Steffen Schmidt

Steffen Schmidt

An Iowa State University political science professor says President Barrack Obama’s announcement that he is easing economic and diplomatic relations between the United States and Cuba won’t fit under the normal formula of politics. ISU professor Steffen Schmidt, says it doesn’t come as a big surprise, as people have wondered with each new president if the policy would change.

“Here you’ve got a policy that is 54 years old more or less, and isn’t working. We have not gotten Cuba to become more democratic, we haven’t gotten the Castro brothers to move the economy towards a more prosperous with the embargo and no diplomatic relations we haven’t gotten Cuba to stop meddling in Latin America.”

Schmidt says the move by Obama could actually be coming at a good time as the Republicans take over the U.S. Senate in January. “It seems kind of weird, but the new congress is going to be dominated in the Senate by the Republicans and not the Democrats. And it’s actually a better situation because the (current) chair of the Senate Foreign Relations Committee is a Cuban American who would be and is dead set opposed to normalizing relations with Cuba,” Schmidt says.

Schmidt believes the changes will be supported by many in Iowa. “I know a lot of businesses in Iowa, agricultural businesses, exporters, companies that deal with agricultural technology for example — chemical fertilizers, machinery packing, so on. They have been anxious to do business in Cuba,” Schmidt explains. He says that’s because Cuba is so far behind modern agriculture. “When I was in Cuba on a state department trip not too long ago, we went out and looked a little bit as some of the rural areas,” Schmidt says, “and good grief, the farming is really 1950’s style and not American 1950’s, a lot of horses and oxen and donkeys, really outdated.”

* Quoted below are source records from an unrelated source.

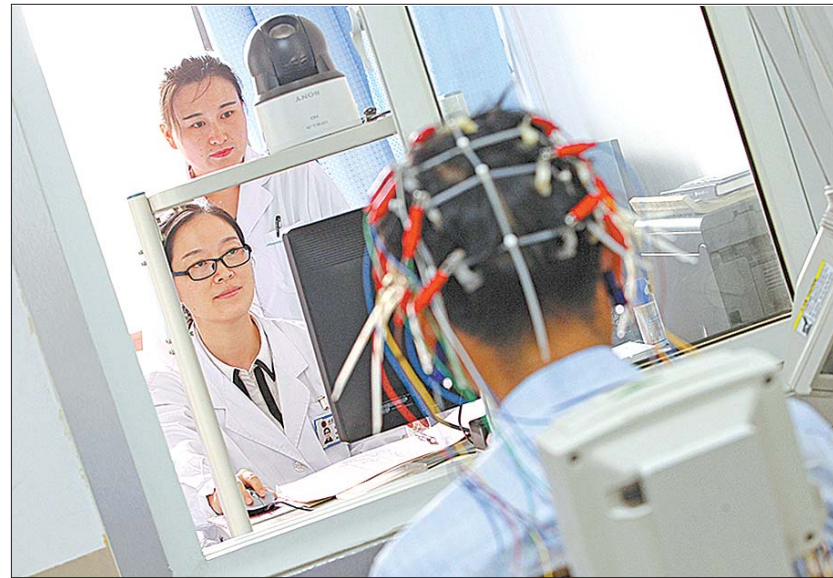
山东省立医院神经内科拥有先进的临床检查及科研仪器设备,更好助力精准化诊疗。

每个人忙碌并快乐着。 步入省立医院神经内科,也恰恰如这群最可爱的人所打造的那样:温馨的环境,温暖的医患关系,和谐的团队协作、创新的发展理念……这里是患者的家,这里也是神经内科所有医务人员的家。 且持梦笔书奇景,日破云涛万里红。放眼未来,山东省立医院神经内科将继续秉承“人才、创新、品牌、规范化”的发展理念,深化亚专业发展内涵,不断提升临床终极诊疗能力和学科核心竞争力,为我国神经病学事业的发展壮大和山东省立医院打造“与国际接轨的国家级名院”输送动能、贡献力量。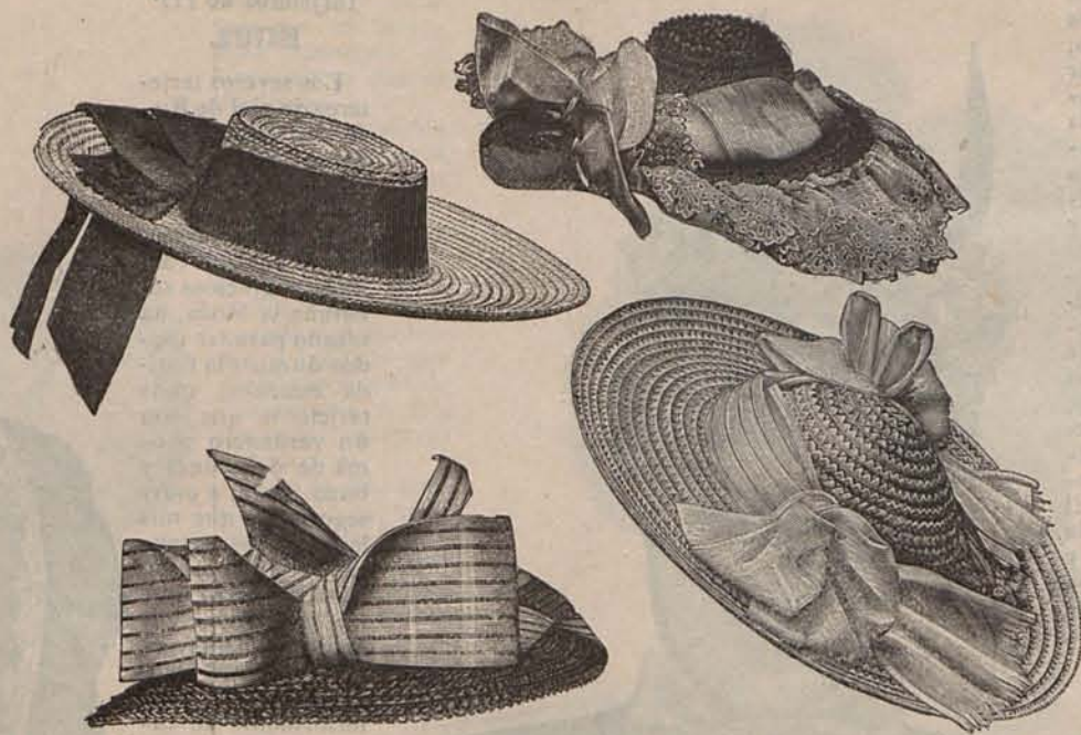
Num. 20.—Sombrero de Verano para niñas y niños.

Núm. 14.— Trajes para jardín .—Modelo 1.—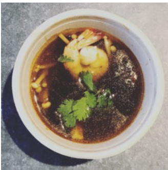
Tom Yam Koong

Soupe de poulet au lait de coco aromatisée à la citronnelle et aux herbes thaï (Choix Tofu possible pour une version végétarienne)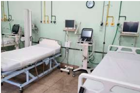
Sala de Urgência na UPA Valdemar de Barros recebeu novos equipamentos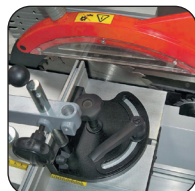
Carro junto a la hoja de 2000 mm, hoja Ø 315 o Ø 250 mm, incisor Ø 100 mm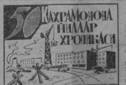
МАХРАМОНОНА ПИЛЛАР ХРОНИКАСИ

1958 йил 5 СЕНТЯБРЬ. Тошкентда Узбекистон рацонализиаторлари ва иқтиросчиларининг биринчи республика конференцияси очилди. 8-10 СЕНТЯБРЬ. Тошкентда бадий агентбригадаларининг иккинчи республика кўриги бўлиб ўтди. 15 СЕНТЯБРЬ. Тошкентда Узбекистон медицина ходимларининг IV съезди ўз иштини бошлади. 3 ОКТЯБРЬ. Янги «Тошкент» меҳмонхонаси биринчи меҳмонлар—Осиё ва Африка мамлакатлари ёзувчилари конференция катташчиларини қабул қилди. 7-13 ОКТЯБРЬ. Тошкентда Осиё ва Африка мамлакатлари ёзувчиларининг конференцияси бўлиб ўтди. Конференция ишида 30 мамлакатдан 185 делегат қатнашди. 14-15 ОКТЯБРЬ. Узбекистон ёзувчиларининг IV съезди бўлиб ўтди. 19 ОКТЯБРЬ. Алишер Навоий номи опера ва балет театрида «Зайнаб ва Омон» операсининг премьераси бўлиб ўтди. 27 ОКТЯБРЬ. Узбекистон ЛКСМ Марказий Комитети, Тошкент обалта ва шаҳар комсомол комитетларининг ВЛКСМ нинг 40 йиллигини бағишланган тантанали пленуми бўлиб ўтди. 29 ОКТЯБРЬ. Қўдон шаҳрида босмачилар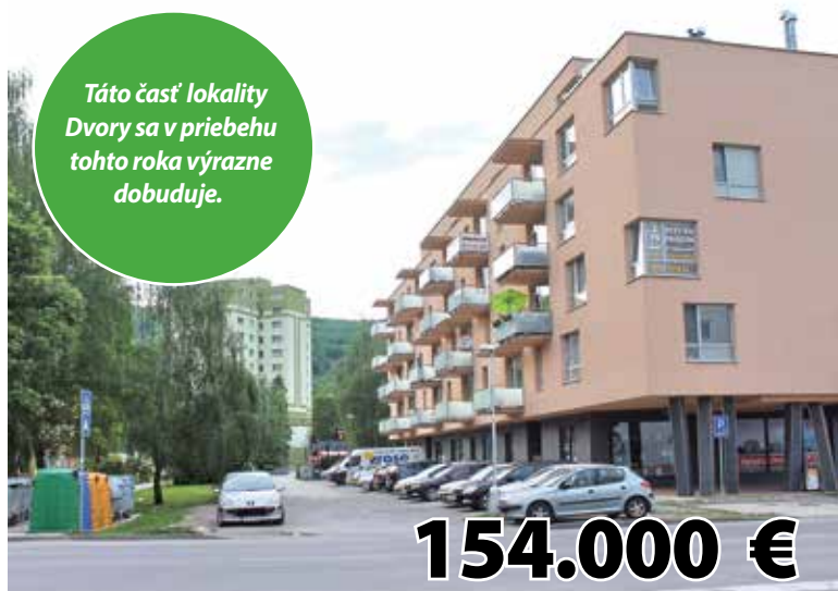
Dvory – dobudovanie cesty, chodníkov a parkovacích miest

He believes Republicans will get a lot of pressure from businesses who are in favor of better relations with Cuba. “Insurance and banking and others who are going to say, look we are doing business in China, we don’t like China’s communist government, it is too repressive, there’s only one political party and they have political prisoners and all the rest of the stuff that is similar to Cuba. But we are doing business with them and maybe we can influence those other things a little bit if we have a lot of Americans there, if we have a lot of American companies and businesses there,” Schmidt says.

While many of the president’s moves have been opposed along party lines, Schmidt says the split over the new policy will not necessarily be Democrat versus Republican, as there are a lot of Democrat who will oppose it. He is anxious to see how the process rolls out. “Because this thing is not going to be slam, bang overnight, it’s going to be slowly rolled out with small steps taken along the way as we try to kind of loosen up those relations. And it will be very interesting,” Schmidt says.

Iowa Senator Chuck Grassley, a Republican, released a statement today opposing the president’s move:

“This policy change is a gift for the Cuban government that has done nothing to provide basic, fundamental human rights to the Cuban people. According to our own Department of State, the authoritarian regime led by the Castros for decades ‘has severely restricted fundamental freedoms, repressed political opponents, and violated human rights.’ Today’s announcement of eased economic and diplomatic relations is not a result of democratic or economic reforms or a newfound respect for human rights or religious freedom. This decision rewards a brutal regime without any significant commitment toward change for the oppressed Cuban people.”